* YOUR OBJECTIVE
From the line containing "Német Birodalom/Weimari Köztársaság/Freital" through the last line of the entries below, transcribe each line exactly, excluding any picture.

━━━━━ RECORDS TO PROCESS ━━━━━

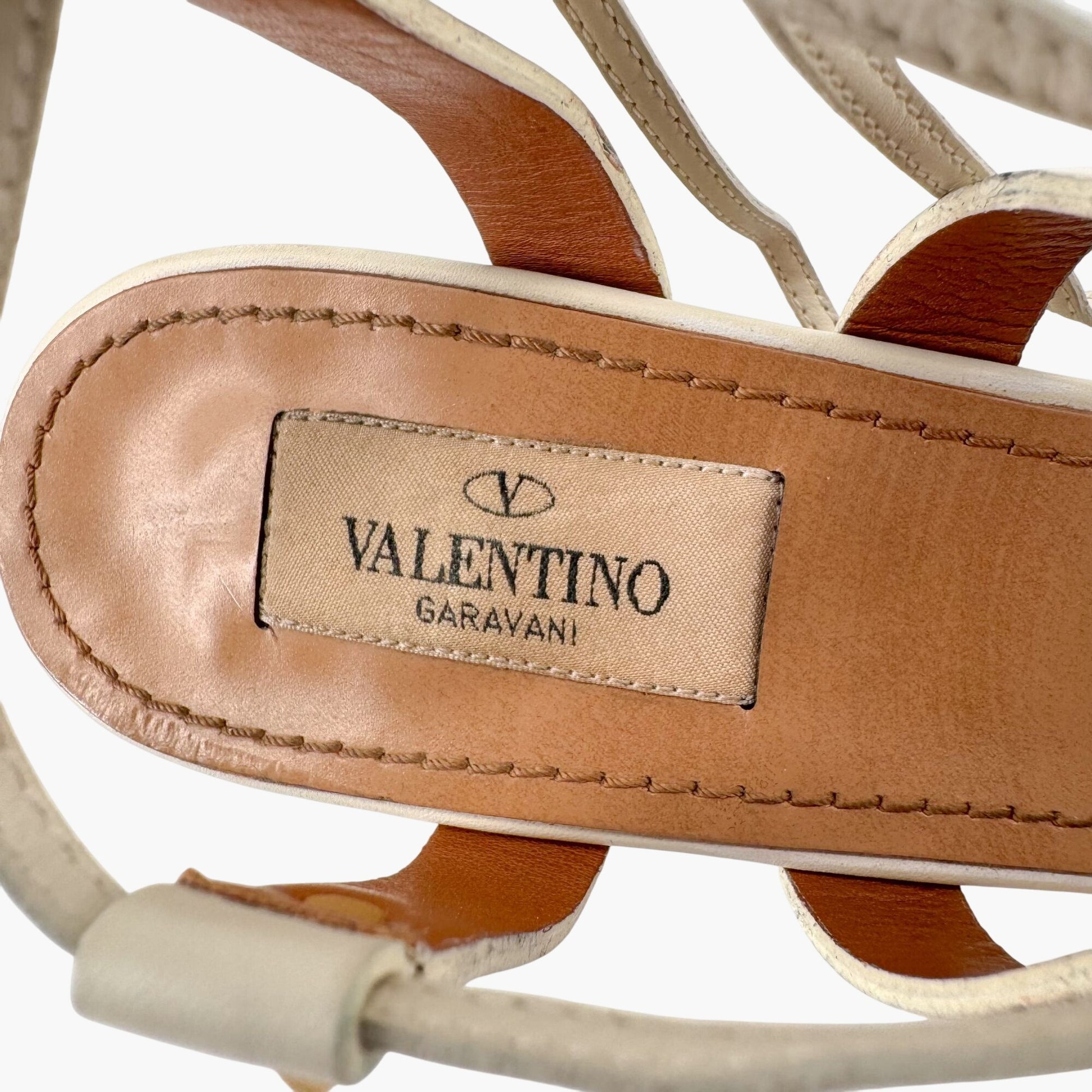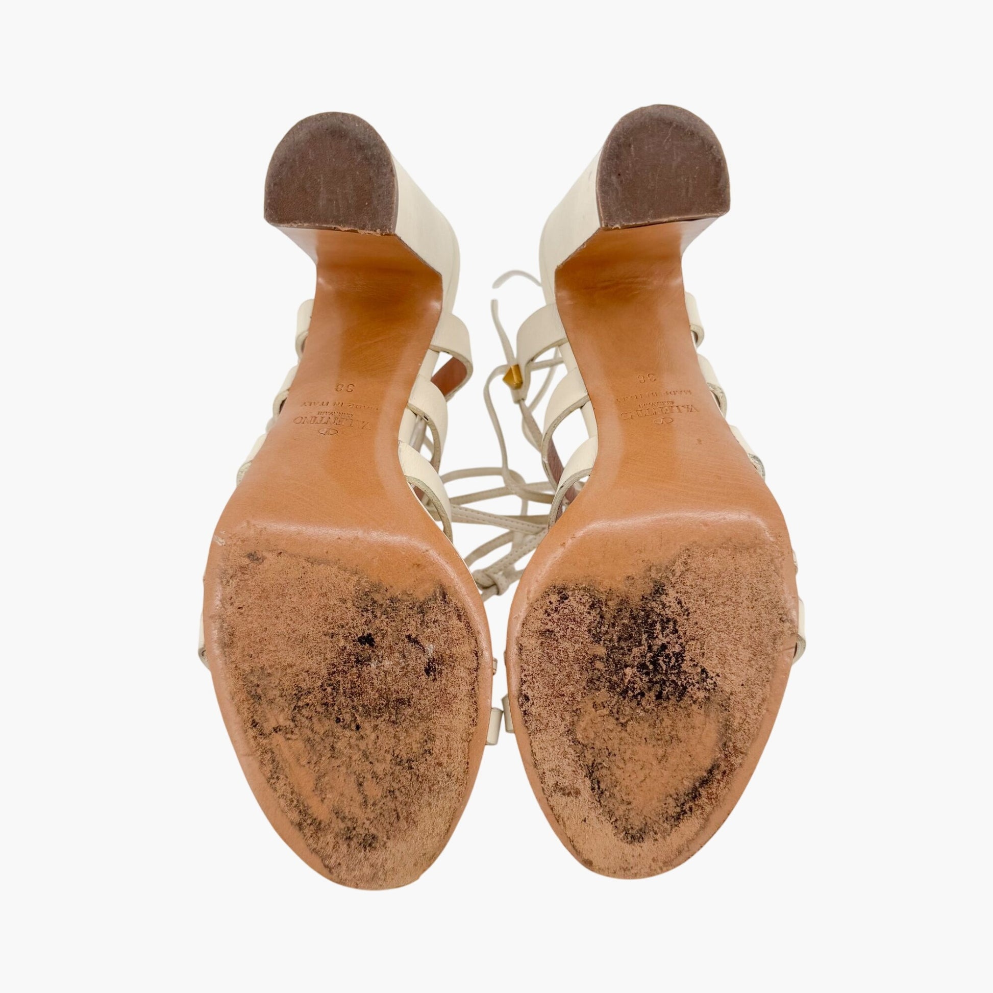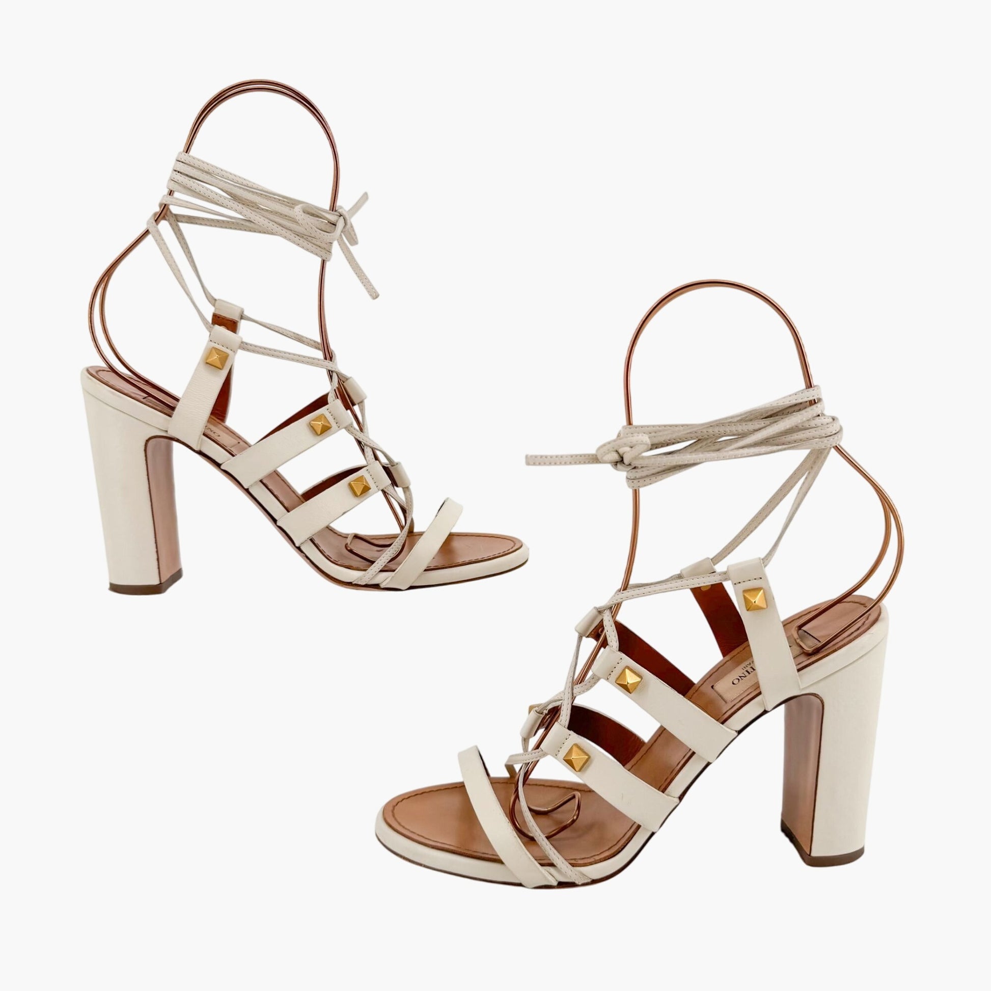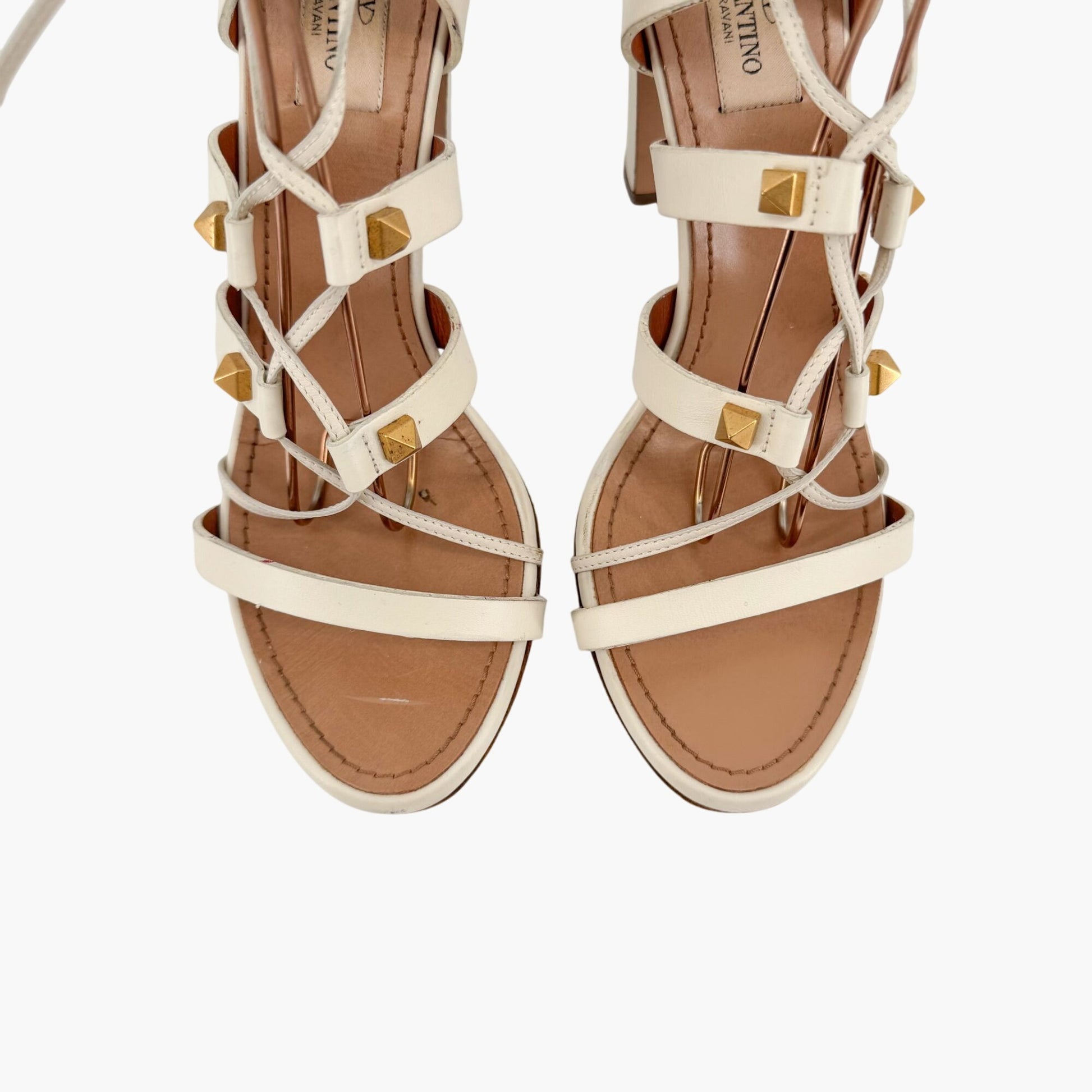 Valentino Garavani Rockstud Lace-Up Gladiator Sandals in Ivory Leather – Size 38
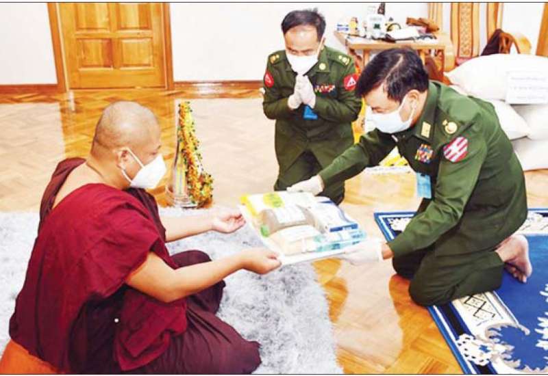 တပ်မတော်(ကြည်း၊ရေ၊လေ) အရာရှိ၊ စစ်သည်၊ အရာထမ်း၊ အမှုထမ်းများနှင့် စေတနာရှင် အလှူရှင်များက ကိုဗစ်-၁၉ ရောဂါ ကြိုတင် ကာကွယ်ရေး လုပ်ငန်းများ ဆောင်ရွက်နေသည့် ကာလအတွင်း ဆွမ်းကိစ္စရပ်များ အဆင်ပြေစေရန် ရည်ရွယ်၍ မြို့နယ်အသီးသီးရှိ ဘုန်းတော်ကြီး ကျောင်းများ၊ သာသနာ့နွယ်ဝင် သီလရှင်ကျောင်းများနှင့် ဘာသာရေးကျောင်းများတွင် ဆွမ်းဆန်တော်၊ ဆီ၊ ဆား၊ ပဲ အမယ်(၄)မျိုးနှင့် လှူဖွယ်ပစ္စည်းများလှူဒါန်းခြင်း၊ နေ့ဆွမ်းများ ဆက်ကပ်လှူဒါန်းခြင်းနှင့် ကျန်းမာရေး စစ်ဆေးပေးခြင်းများကို ဆောင်ရွက်လျက်ရှိသည်။
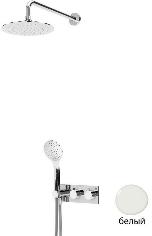 Смеситель для душа, встр.в стену со стац.стенов.,верхнем душем d23см., душ.лейка, шланг в компл., (цв.белый матовый), Cezares ZZ
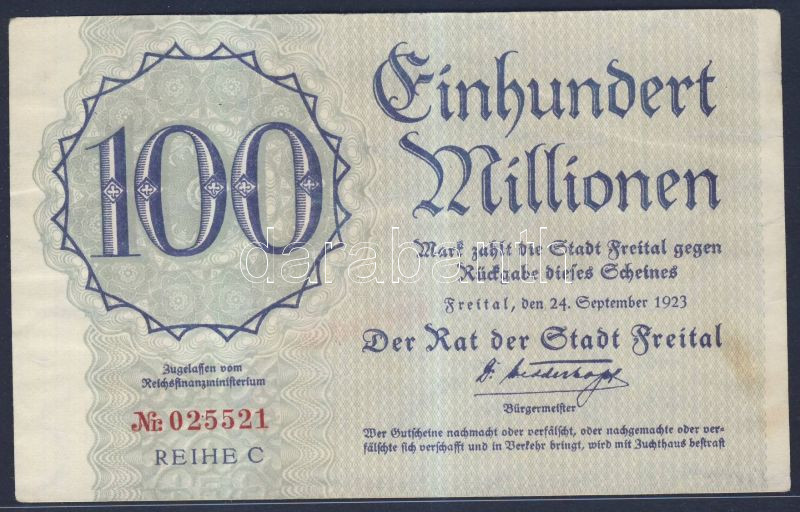 Német Birodalom/Weimari Köztársaság/Freital 1923.9.24. 100.000.000M T:II-
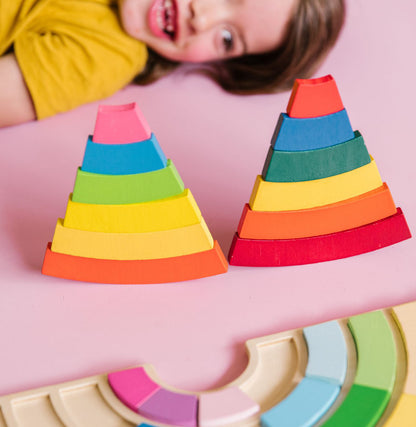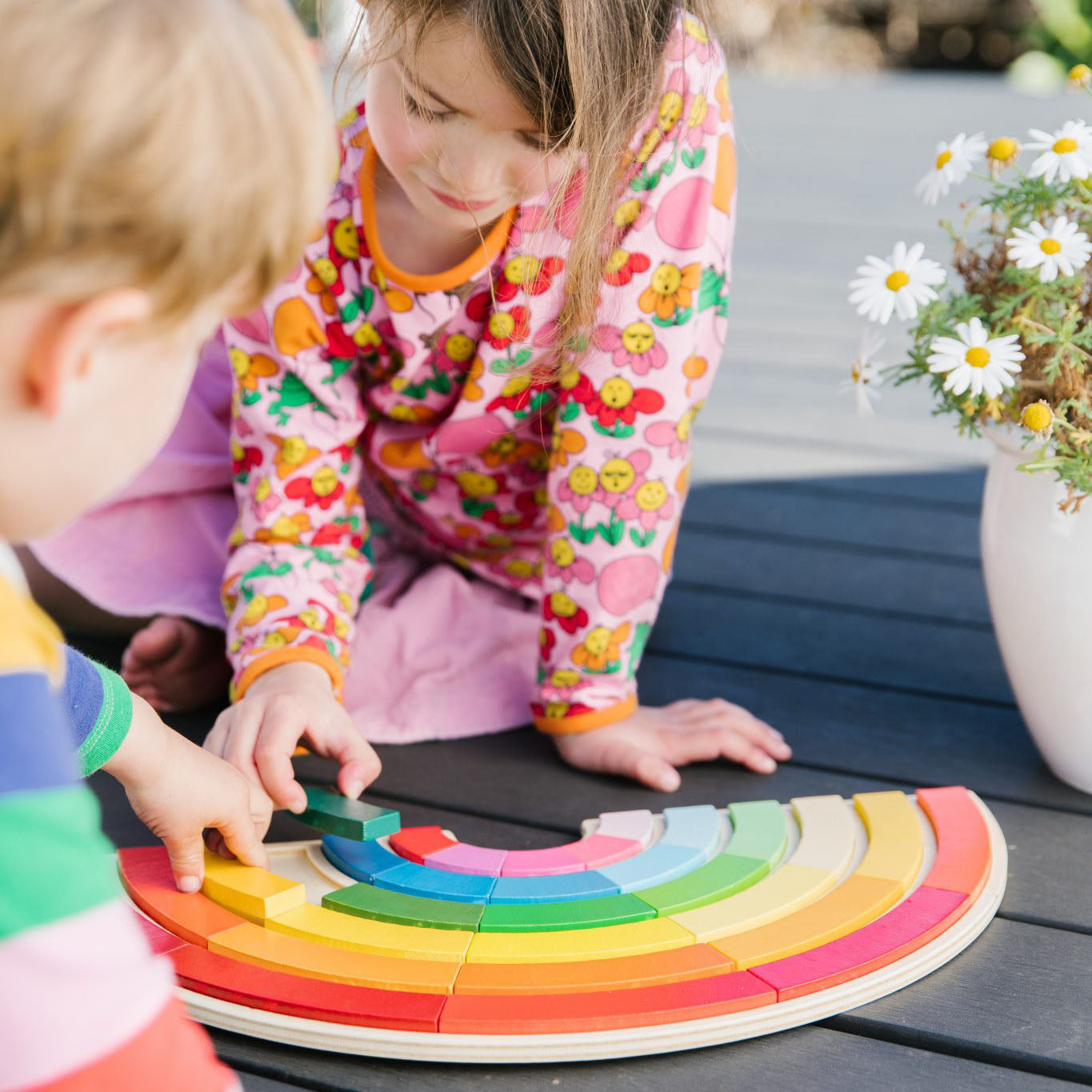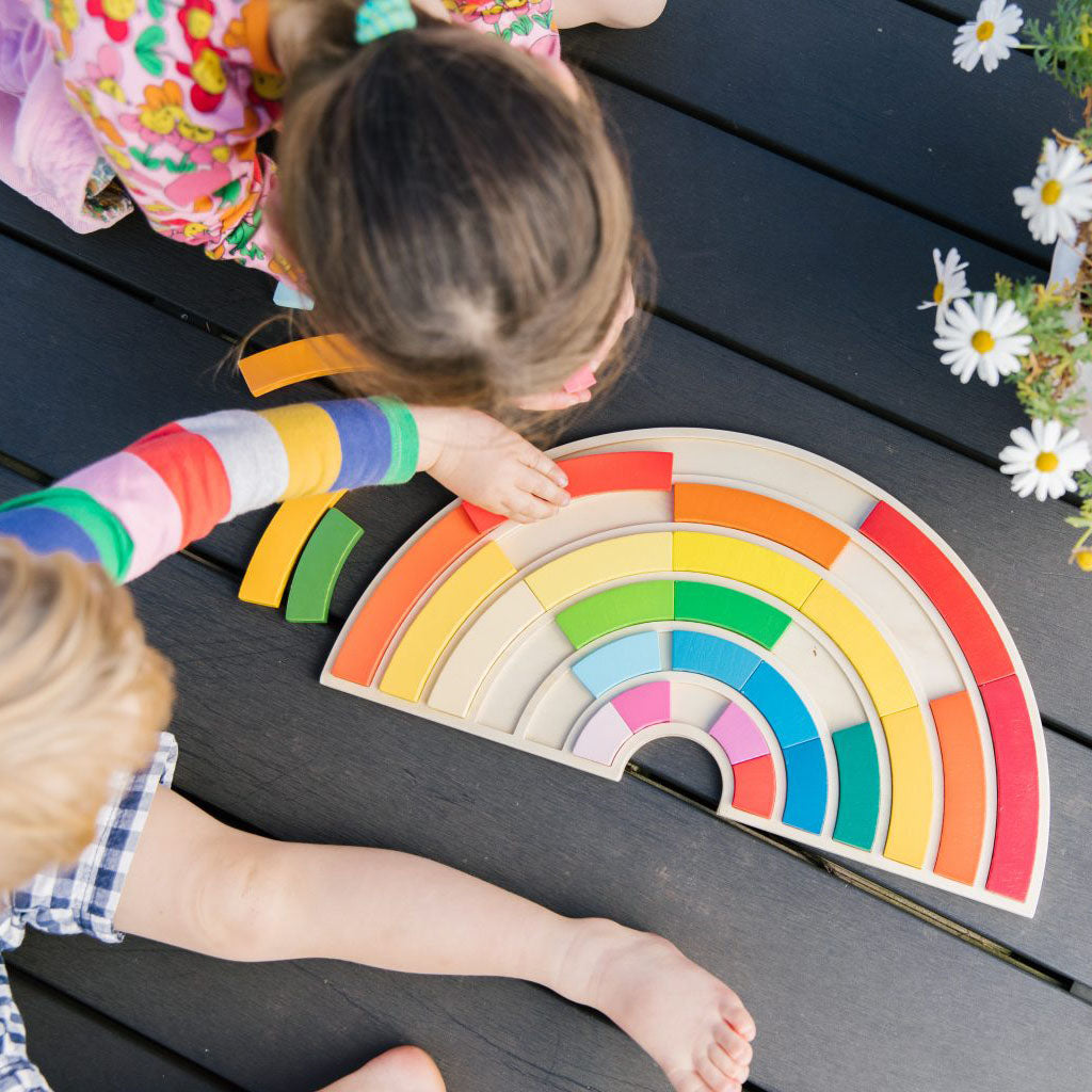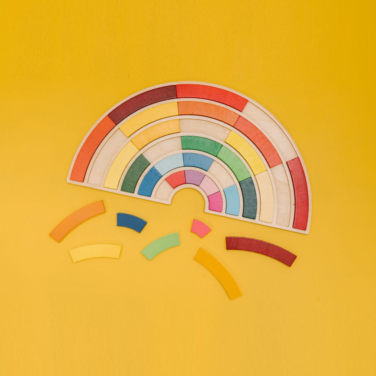 Das Set enthält 30 regenbogenfarbene Teile und ein Puzzlebrett. Alle Teile sind mit ungiftiger, kindersicherer Farbe bemalt. Puzzleteile und Puzzlebrett sind zusätzlich mit einem klaren Mattlack versiegelt. Hergestellt aus neuseeländischem FSC-Kiefernholz und Sperrholz.

━━━━━

* WRITTEN RESPONSE
 Német Birodalom/Weimari Köztársaság/Freital 1923.9.24. 100.000.000M T:II-
 Das Set enthält 30 regenbogenfarbene Teile und ein Puzzlebrett. Alle Teile sind mit ungiftiger, kindersicherer Farbe bemalt. Puzzleteile und Puzzlebrett sind zusätzlich mit einem klaren Mattlack versiegelt. Hergestellt aus neuseeländischem FSC-Kiefernholz und Sperrholz.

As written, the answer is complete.